1. Overview and History

Goodpasture Syndrome—now more precisely called anti-glomerular basement membrane (anti-GBM) disease—is defined by circulating IgG autoantibodies directed against the α3 chain of type IV collagen, the major structural protein of the glomerular basement membrane (GBM) and alveolar basement membrane (ABM). The result is a pulmonary-renal syndrome: simultaneous or sequential diffuse alveolar hemorrhage (DAH) and rapidly progressive crescentic glomerulonephritis (RPGN).

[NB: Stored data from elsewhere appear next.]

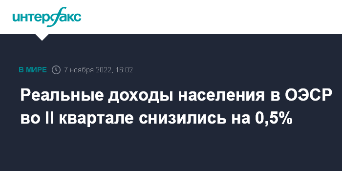 Москва. 7 ноября. INTERFAX.RU - Реальные доходы населения стран Организации экономического сотрудничества и развития (ОЭСР) во втором квартале 2022 года сократились на 0,5%, несмотря на рост реального ВВП в расчете на душу населения на 0,3%.
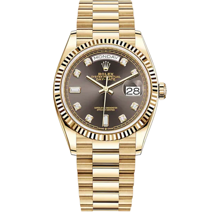 Day-Date 36 36mm President Bracelet and 18 KT Yellow Gold with Dark Grey Dial Diamond-Set Dial Fluted Bezel
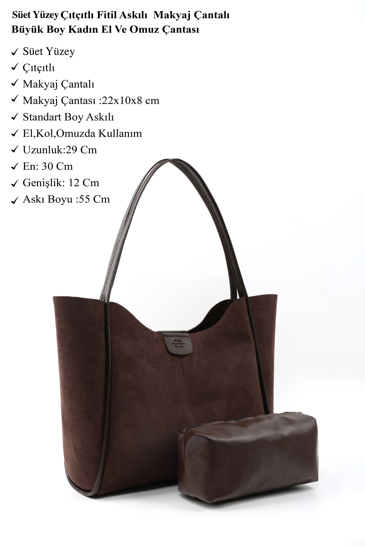 Kahverengi Süet Shk76 Çıtçıtlı Fitil Askılı Suni Deri Makyaj Çantalı Büyük Boy Kadın El ve Omuz Çant Kahverengi Süet Shk76 Çıtçıtlı Fitil Askılı Suni Deri Makyaj Çantalı Büyük Boy Kadın El ve Omuz Çant S225-00139 تک سایز
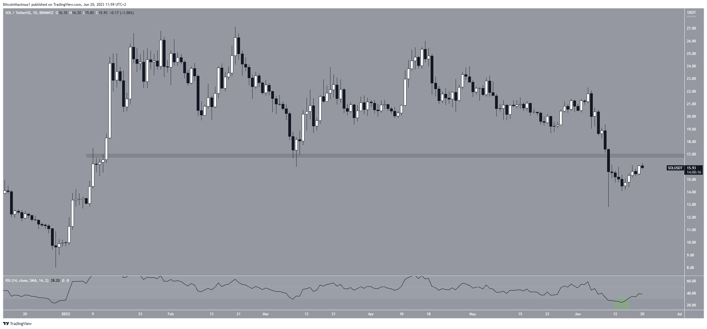 ويُظهر التحليل الفني للإطار الزمني اليومي لـ SOL أن السعر قد انخفض منذ 17 أبريل. حيث أسست عملة سولانا قمة منخفضة في 4 يونيو (الرمز الأحمر) قبل تسريع معدل الانخفاض. إلى أن أدى ذلك لانخفاض إلى أدنى مستوى عند 12.80 دولار في 10 يونيو.
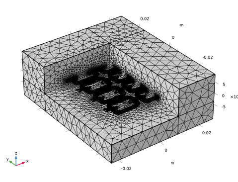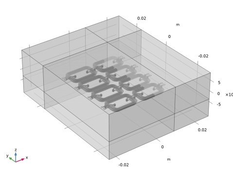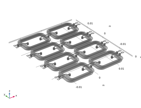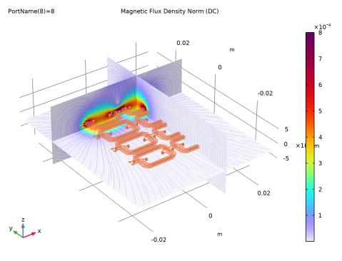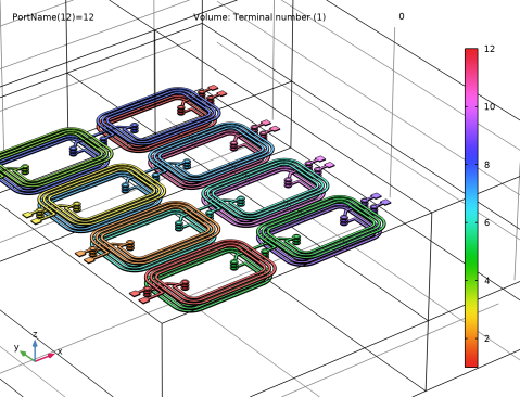 سیمپیچهای PCB با ویژگی Conductor مدلسازی میشوند که میتوان از آن برای تنظیم آسان منابع جریان استفاده کرد. با استفاده از قابلیت Split by Connectivity ، 12 سیم پیچ را می توان به طور خودکار شناسایی کرد و ویژگی های Conductor مربوطه را ایجاد کرد. این کار مراحل راه اندازی رابط فیزیک را بسیار ساده می کند. این مدل با یک مطالعه Stationary Source Sweep با Initialization و همچنین با یک Frequency Domain Source Sweep with Initialization حل شده است . هر دوی اینها به محاسبه ماتریس اندوکتانس توده ای اختصاص داده شده اند.
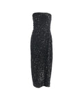 Dieses glamouröse Midi-Kleid präsentiert sich im schulterfreien Design und ist vollständig mit glänzenden Pailletten verziert, die für einen spektakulären Auftritt sorgen. Die figurbetonte Silhouette und die elegante Midi-Länge betonen die weibliche Form und machen es zur idealen Wahl für festliche Anlässe. Das Kleid ist sorgfältig verarbeitet und Made in Italien.
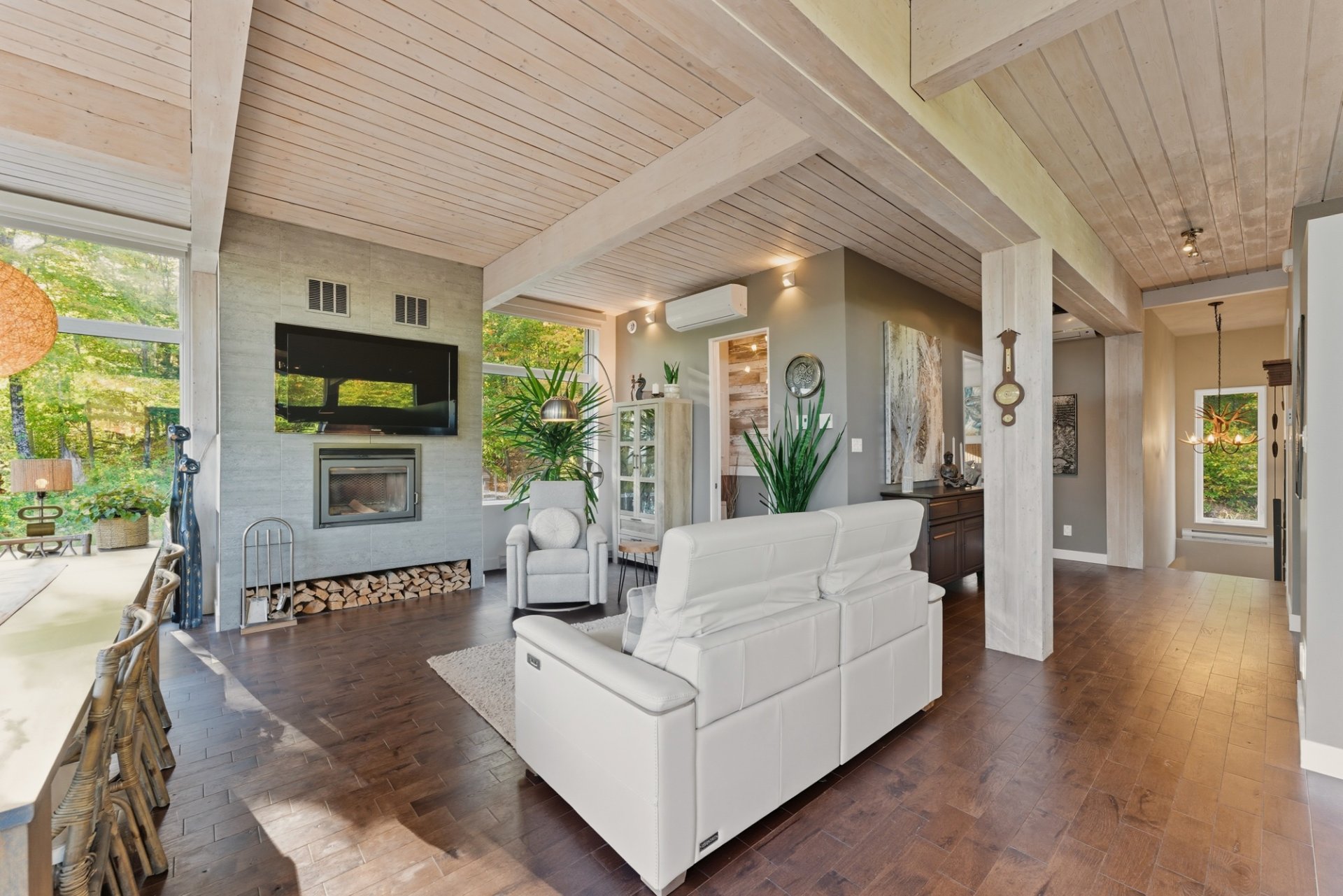 Report from a certified appraiser available upon request. Nestled in a peaceful, wooded area, this contemporary residence harmoniously blends design, comfort, and functionality in an exceptional natural setting. From the moment you enter, the abundant light, high-quality materials, and open spaces create a warm and welcoming atmosphere.
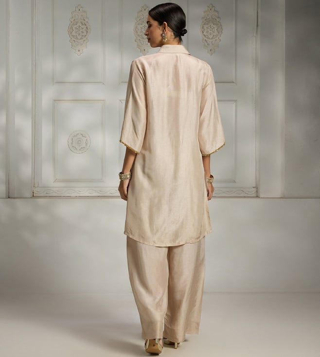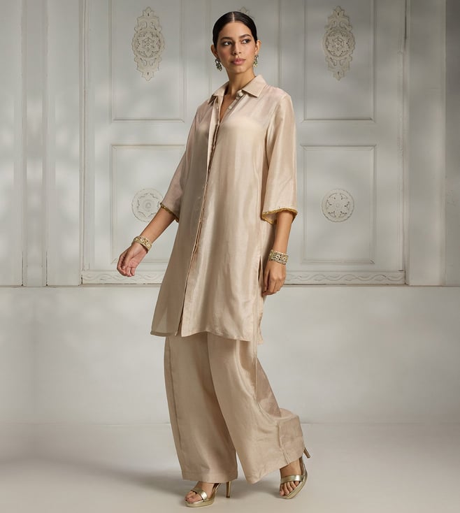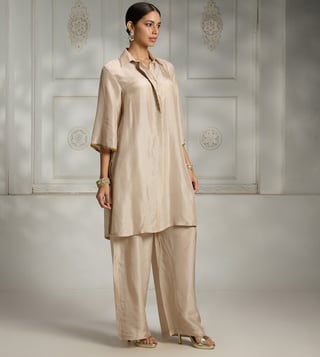 This clothing line is characterized by a variety of appealing, intricate designs. The collection includes lovely light-colored, long-sleeved tunics with gold embroidery on the placket and the cuffs. exclusive trousers will elevate y casual look to the next level with chic fl.
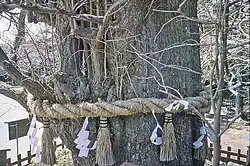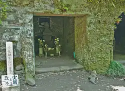 Under heavy snow on the evening of February 13, 1219 (Jōkyū 1, 27th day of the 1st month), Sanetomo was coming down from the Senior Shrine at Tsurugaoka Hachiman-gū after participating in a ceremony celebrating his nomination to Udaijin.[3] His nephew and son of deposed Yoriie, Kugyō, came out from beside the stone stairway of the shrine and assassinated him.[3] For his act, he was himself beheaded a few hours later,[3] thus bringing the Seiwa Genji line of the Minamoto clan and their rule in Kamakura to a sudden end.
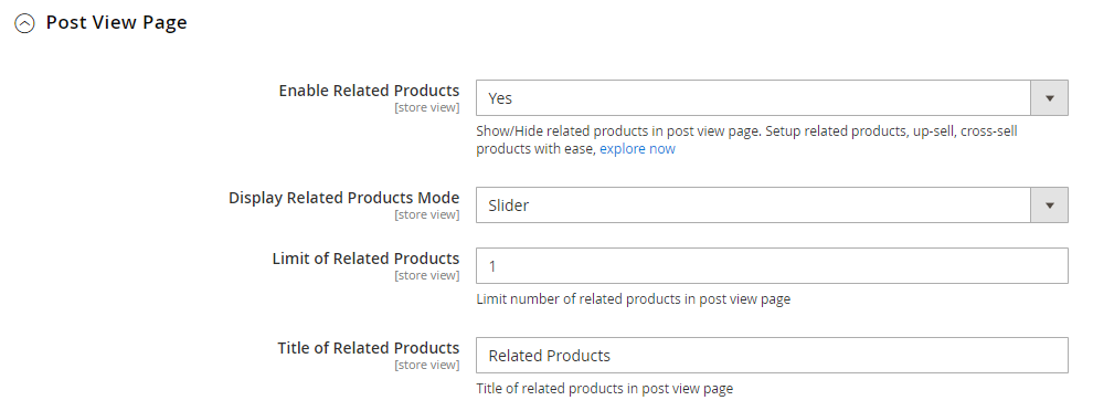 - In the Display Related Products Mode field: Set the Related Post at Post View Page shown in grid or slider.
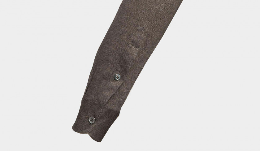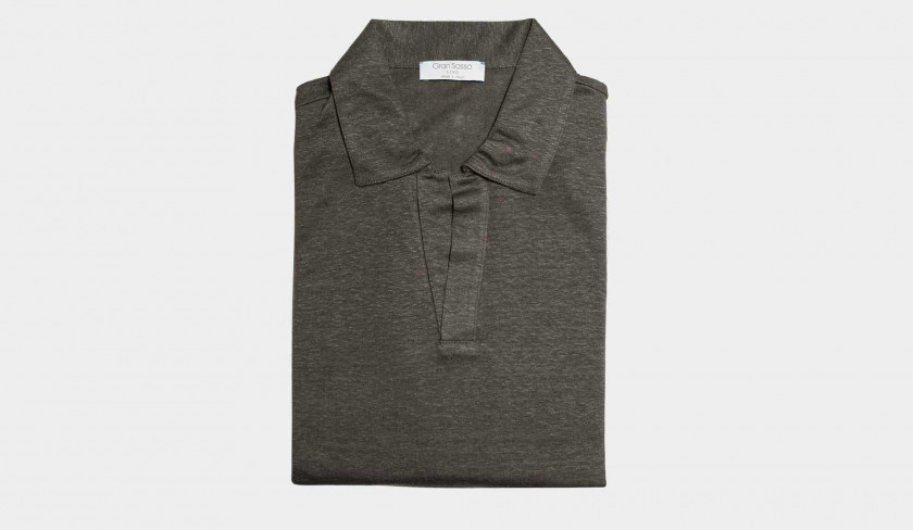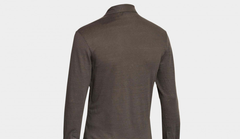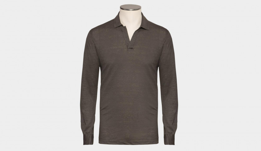Soft and elegant longsleeve Gran Sasso V-neck polo made from 100% linen. The sleeves are finished with shirt cuffs and the bottom hem is straight with side splits so you can wear it, summer style, over your trousers.
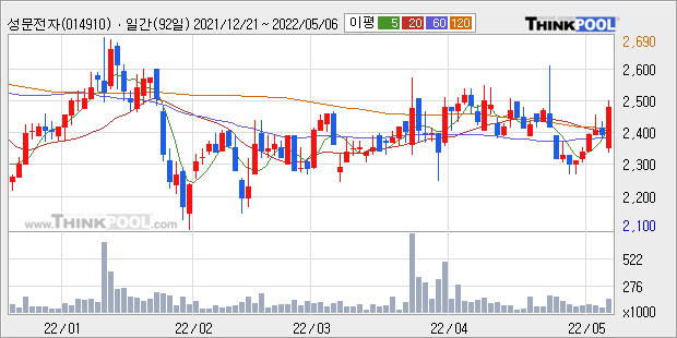 성문전자의 2021년 매출액은 전년대비 30.3% 늘어난 493억원이고, 영업이익은 흑자전환해서 34억원을 기록했다. 이 회사의 매출액 증감률과 영업이익 증감률은 각각 코스피 상위 22%, 상위 6%에 해당된다.
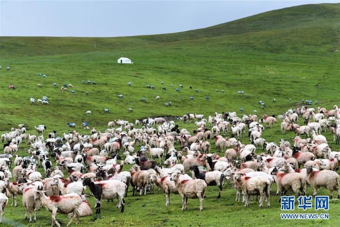 祁连山下牧场里的羊群(7月27日摄) 新华社记者 吴刚摄
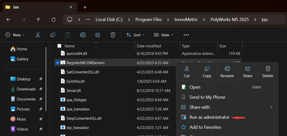 5. Enter the bin folder C:\Program Files\InnovMetric\PolyWorks MS 202x\bin, run

The condition is named after Ernest Goodpasture, an American pathologist at Vanderbilt University who in 1919—during the influenza pandemic—described a young man who died of pulmonary hemorrhage and glomerulonephritis. Goodpasture suspected a link between influenza and a hemorrhagic nephritis syndrome. Stanton and Tange coined the eponym "Goodpasture's syndrome" in 1958 for the clinical triad of pulmonary hemorrhage, glomerulonephritis, and anemia. The autoimmune mechanism—the anti-GBM antibody—was identified in the 1960s by Lerner, Glassock, and Dixon using immunofluorescence studies, which revealed the pathognomonic linear IgG deposits along the GBM.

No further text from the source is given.